## [Exercise instructions]
Wherever an image appears in the data, omit it and copy all the remaining text word for word.

## [Raw data]
####################

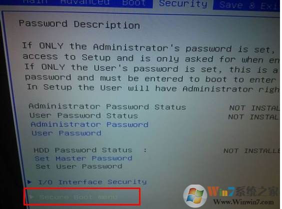 1、重新啟動電腦后我們按F2進入到BIOS,進入后進入security菜單,把菜單下的secure boot 的enable改成disable;(這個步驟是關(guān)閉安全啟動)
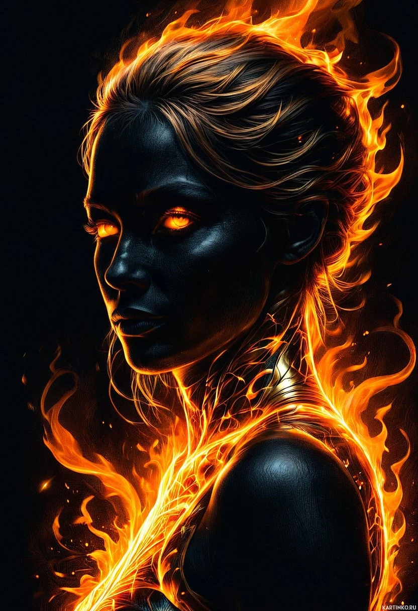 the vivid colors of the flames and her hair. The overall mood of the image suggests a character with a connection or ability to harness flames, possibly hinting at themes of power, control, or even danger related to fire.
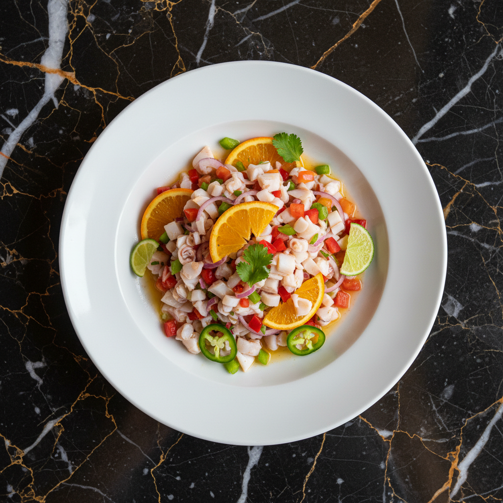A refreshing and zesty raw conch salad, a quintessential Bahamian appetizer or light meal, featuring finely chopped conch 'cooked' in citrus juices and mixed with fresh vegetables.
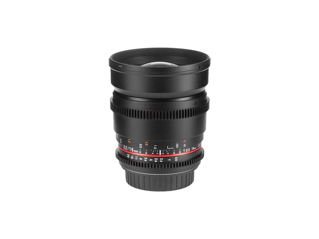 Samyang 16mm T/2.2 VDSLR ED AS UMC CS II este un obiectiv cu unghi larg cu focalizare manuală conceput pentru camerele cu senzor APS-C.Samyang 16mm T/2.2 VDSLR ED AS UMC CS II este special conceput pentru filmarea video și filme profesionale. Un inel de focalizare este instalat pentru sistemul de focalizare de urmărire.

####################

## [Answer space]
 1、重新啟動電腦后我們按F2進入到BIOS,進入后進入security菜單,把菜單下的secure boot 的enable改成disable;(這個步驟是關(guān)閉安全啟動)
 the vivid colors of the flames and her hair. The overall mood of the image suggests a character with a connection or ability to harness flames, possibly hinting at themes of power, control, or even danger related to fire.
A refreshing and zesty raw conch salad, a quintessential Bahamian appetizer or light meal, featuring finely chopped conch 'cooked' in citrus juices and mixed with fresh vegetables.
 Samyang 16mm T/2.2 VDSLR ED AS UMC CS II este un obiectiv cu unghi larg cu focalizare manuală conceput pentru camerele cu senzor APS-C.Samyang 16mm T/2.2 VDSLR ED AS UMC CS II este special conceput pentru filmarea video și filme profesionale. Un inel de focalizare este instalat pentru sistemul de focalizare de urmărire.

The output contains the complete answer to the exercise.